Well guess what, turns out I got the opening band wrong, and we missed half a set from an awesome live band Ben and I have seen before – the Helio Sequence. The show was a little underwhelming to me, not that Blonde Redhead didn’t sound good, they just didn’t excite me live. Owell, I did accomplish one thing… which was to take pictures of the evening as my first effort in a “week in pictures” thing I thought of. I’ll take a few snapshots of each evening this week and post them the day after. Most likely won’t be anything exciting, but at least it gives me something to post about. So then, here’s the thumbs from last night’s concert outing.







There ya go then. More to come, even if it’s just snapshots of me sitting on the couch or doing dishes. What a grand experiment. Man, I should go into business. Next they’ll tell me it also functions as a cutting-edge indie music jukebox… and I’ll have been squarely billhooked off my high horse.

Dave is out.

what that man said

I don't know what... my obsession is.
Left work early today for a 3:30 appointment. Yeah, an appointment with a lawn mower and my front yard. Since ol’ Ben Franklin took away my after-work daylight, I’ve got to be creative with when I get non-weekend yardwork done. Hey, saw this the day before the election. Seems to say that the real interpretation of Bin Laden’s words on his pre-election tape is actually a threat to individual US states choosing to side with Bush. Dunno how much truth there is to it, but I found it interesting. The website seems credible, and releasing a pre-election video which is directly trying to influence the election makes sense to me. Owell, intro paragraph over.

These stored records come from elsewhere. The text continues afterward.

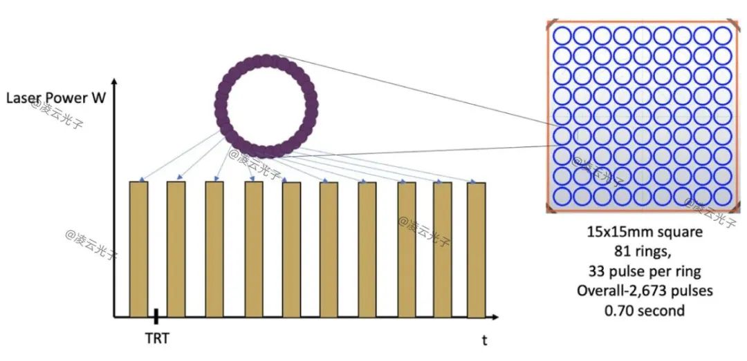 ▲圖2. 激光脈沖33個微光束脈沖組成,脈沖間隔長于治療皮膚中每個微光束的熱弛豫時間。環形脈沖在一個15mm× 15mm的正方形中傳遞,由81個環形脈沖組成,在0.7秒內傳遞。
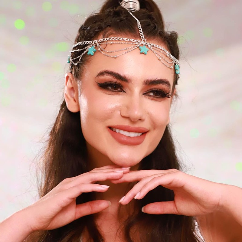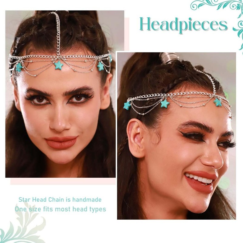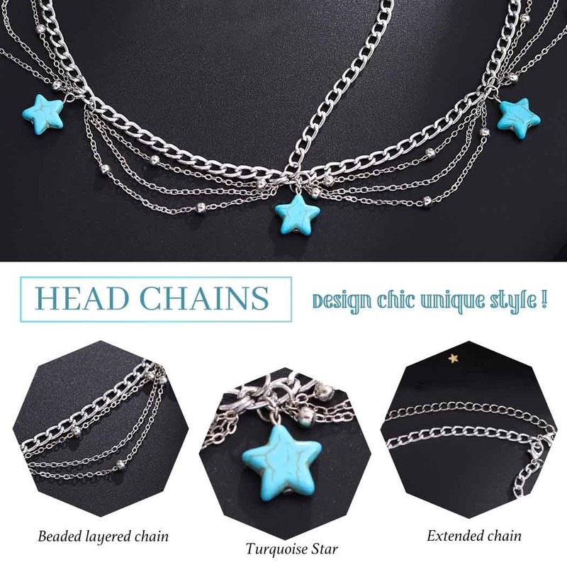 - Bohemian Turquoise head chain is made of star turquoise and beaded chain, not easy to break.
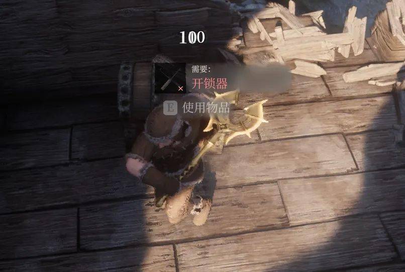 前期就有几个让我比较印象深刻的地方:仍在教程期的时候,画面上提示我要造钩索来翻越过一堵木质遮挡墙,我本着头铁的态度,用伐木斧完成强拆,硬走了过去;此后面对需要开锁器的宝箱,我同样也用砍刀达成了目的。
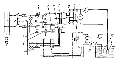 Деталь 10 и анод 11 подсоединяют к источнику тока низкого напряжения. В ванну параллельно детали завешивают датчик (контрольную пластину) 12, активная площадь которого равна 1 дм2. В цепь датчика последовательно включают прибор 9 марки МРЩПр-5. Амперметр этого прибора показывает T ток, проходящий через датчик. При изменении установленной плотности тока срабатывает контактная система прибора МРЩПр-5 и включает реверсивный электродвигатель. Последний через редуктор посредством рейки перемещает ползунок регулятора напряжения до восстановления заданной плотности тока.
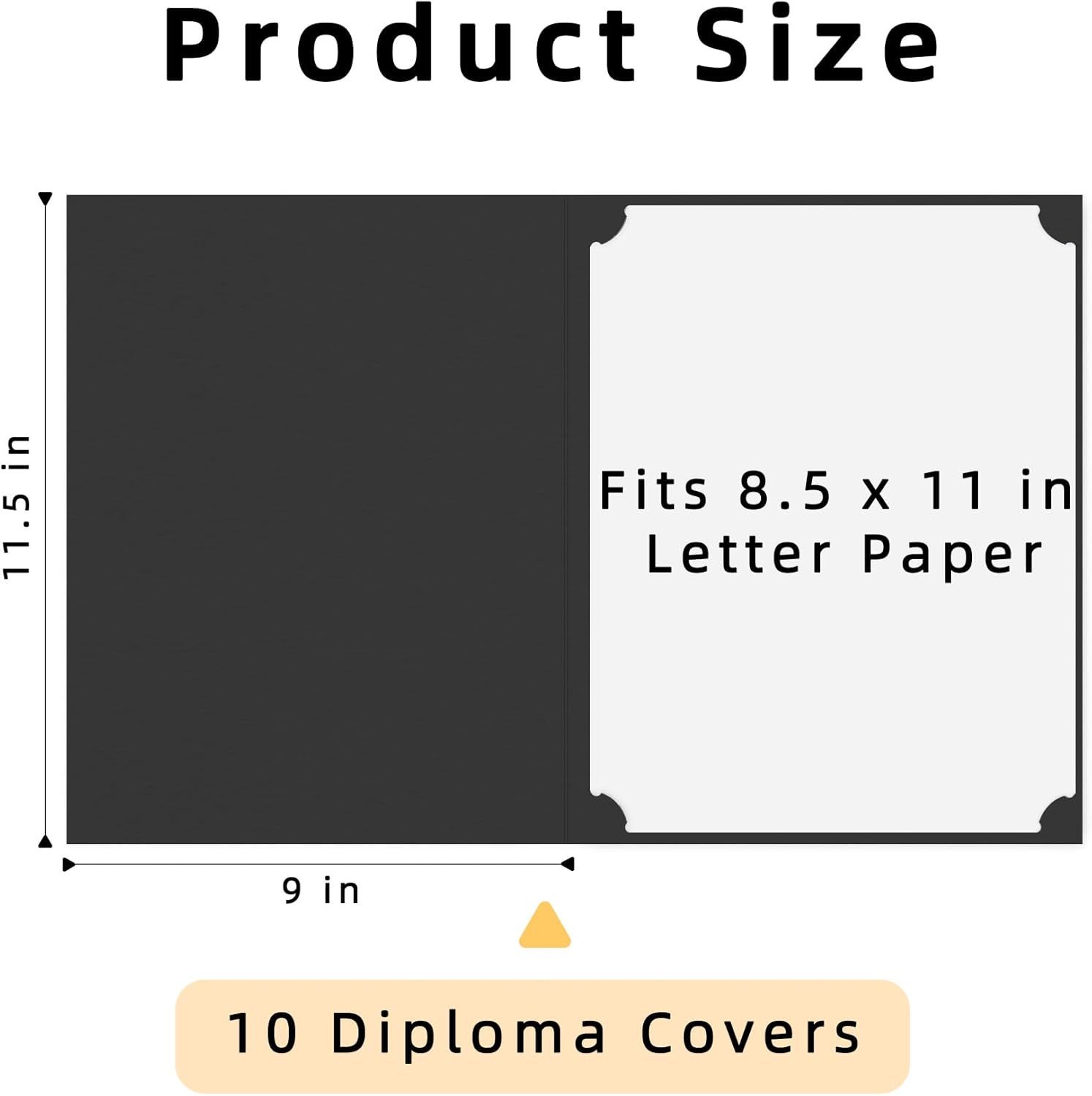HAUTOCO 10 Pcs Certificate Holders, Black Diploma Folders Document Covers with Gold Foil Border for Letter Size 8.5x11 Cardstock, Award, Graduation
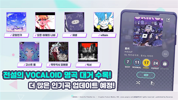 1、【初音未来与人气虚拟歌手的联合舞台!】 与六位虚拟歌手一起享受与现实世界完全不同的“世界”两个阶段的故事:初音未来、镜音连、镜音凛、巡音卢卡、Meiko 和 Kaito。 2、【熟悉又新的节奏游戏玩法】 经典街机游戏的转录设计,以自由形式的节奏音符、准确的音符判断、长长的相交幻灯片再现! 通过引入“上滑”,实际操作和角色的移动可能会匹配! 您可以从“EASY”到“MASTER”共5个难度级别中自由选择,从喜欢初音未来节奏游戏的初学者到想要挑战极限的节奏游戏大师,每个人都可以享受它。 使用自动直播功能,您可以自动清除直播并立即获得奖励。 在多现场模式下与其他玩家在同一个舞台上享受现场直播! FEVER/SUPER 完成 FEVER 时间即可获得额外物品奖励! 3、【人气VOCALOID音乐合集】 VOCALOID 名人堂音乐,与 VOCALOID Producer 合作的全新原创配乐。 初音未来的结局(作词:cosMo@Bousou-P 作曲:cosMo@Bousou-P) BRING IT ON(作词:Reol 作曲:Giga) 告诉你的世界(作词:kz 作曲:kz) HIBANA -Reloaded-(作词:DECO*27 作曲:DECO*27) 谱写未来(作词:mafumafu 作曲:mafumafu) SEKAI(作词:DECO*27 作曲:堀江翔太(kemu)) Wah Wah World(作词:Mitchie M 作曲:Giga & Mitchie M) Jishoumushoku(作词:Sasanomaly 作曲:Sasanomaly) ROKI(作词:mikitoP 作曲:mikitoP) 4、【虚拟直播一起享受】 与其他玩家一起享受虚拟直播!你甚至可以和你的朋友一起进入一个私人房间! 在情人节/万圣节/新年现场等重要日子举办有趣的派对!祝贺初音未来和大家! 即使在等待时也没有无聊的余地。使用表情符号和动作与您的味蕾交朋友。 您可以通过触摸屏幕来摇动荧光棒,或者通过滑动或倾斜屏幕来自由调整视点。以你最喜欢的方式欢呼。 你觉得你的穿搭太朴素了吗?没关系!更改头像的样式。今天我是最酷的加油大师! [用眼睛和耳朵享受的感官盛宴] 歌词和图像直接显示在实时背景中,为演奏增添乐趣。 360度全方位感受角色的激情和梦想,3D现场表演与你的游戏同步! 享受3D MV的精彩表演,您可以自由选择您喜欢的成员。 5、【仿佛身临其境般的体验】 渐行渐远的青梅竹马,不断退出试镜的倒霉女孩,梦想成为音乐家的腼腆少女,不为人知的女演员,素未谋面的网络圈子。五支热爱音乐的少男少女队伍的背后故事等着你。 获得成员后,自由组合、培养,将角色等级提升到最大,提升综合技能! 您可以享受使用实时2D技术实现的场景对话场景。您还可以解锁新服装来自定义您的角色。 探索 7 张真实世界地图、5 张“世界”地图和人物关系可获得额外奖励!更新日志
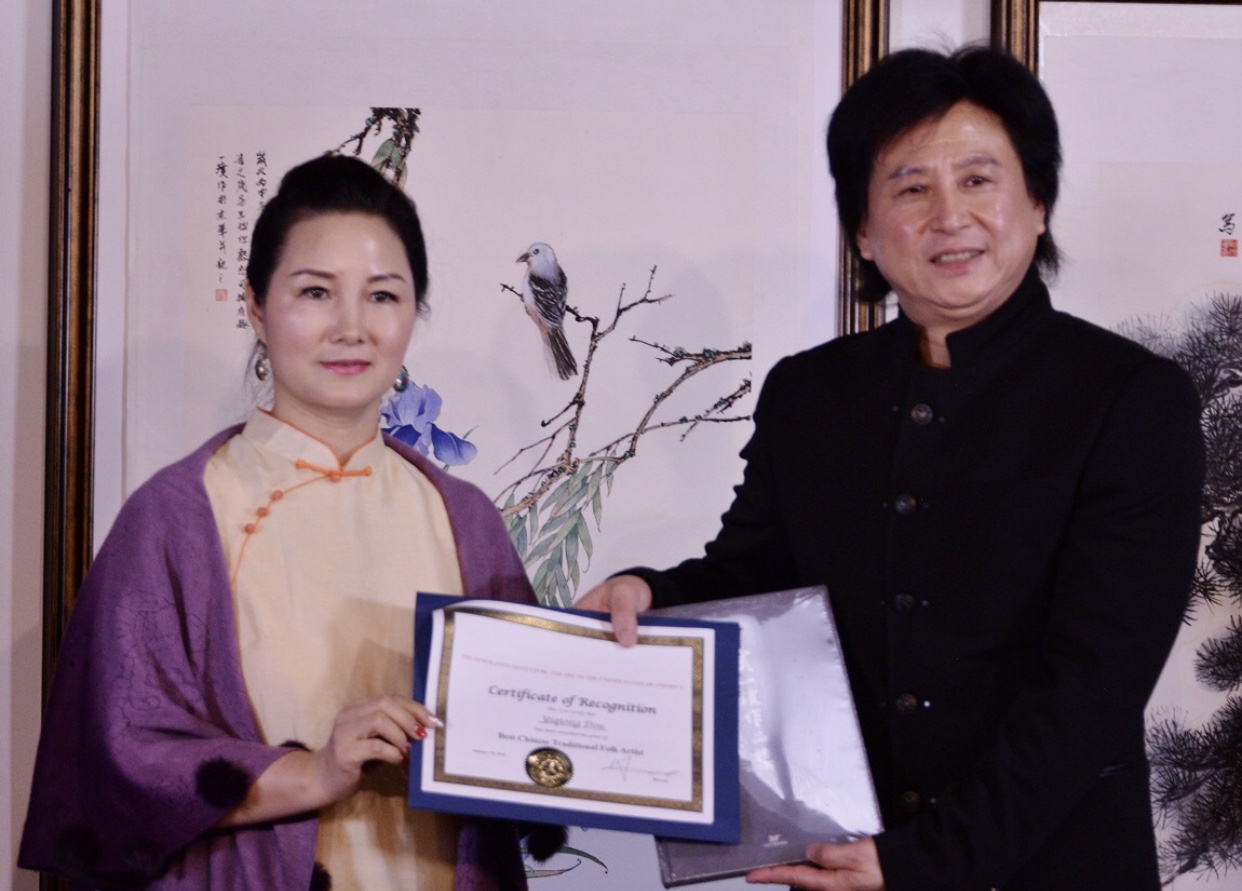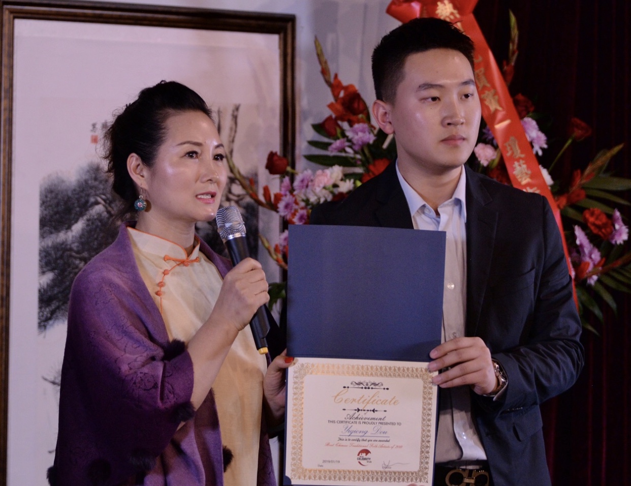 世界名人俱乐部负责人闫俊安向窦一琼颁发杰出艺术家证书

As often as I’ve complained about my sedentary, cubicle-based, job and my desire for something with a little more “movement,” there is one good thing about it – I get to listen to music all day long. I’ve been lucky, having had a series of jobs where I can indulge in tunes: working in a music store, and desk jobs where I can throw on the headphones and hang out in my own little world. It gives me a great opportunity to hear new tunes. Most of the time, I’m not listening-listening, it’s more like background music – but I do pick up the “feel” of the album that way, which puts me in a better position to appreciate it more if it turns out to be good. Anyway, I have no idea what I’m saying – I just wanted to talk about how I’m happy I have a job where I can listen to tunes all day. There, was that so hard?

I’m going to go against my better judgment and write a paragraph inspired by a TV show… and not any TV show, the new 91210 – the OC. I know, I know… where are my scruples, right? But I’m gonna break it down for y’all, I love that show. I don’t even care, call it a guilty pleasure or something. Anyway, I’m not going to write about the show – I’m going to write about something the show made me think of.

Back in high school, I think our senior year, a friend of mine “ran away” from home. Not in the side-of-a-milk-carton thing, when you’re 18 it’s pretty much your choice to make. He had some problems with his dad, and decided he’d had enough. He moved in with another friend of ours, and stayed in a guest room there. Come graduation, I had grown a lot closer to Jeremy. We were both sticking around the hometown for the next two years, choosing cheaper and easier community college over a four-year school. Our mutual friend, the one he was living with, however, had chosen to move away. This left Jeremy without a place to stay.

On a whim, I suggested he come live with me, at my parents’ house. Out of that casual suggestion, a living arrangement was born. A living arrangement that was awesome. We were best friends, brothers even. Never have I been closer to someone, or enjoyed someone’s company that much. For two years Jeremy lived in our converted garage, just like Ryan on the OC. (I told you it was coming back, didn’t I). Anyway, when I watch that show – I think of those years when Jeremy lived with us, and it just makes me feel good. Every once in a while, I start thinking that the days I’m living in are surely the best days of my life. I’ve thought that a lot, probably every year.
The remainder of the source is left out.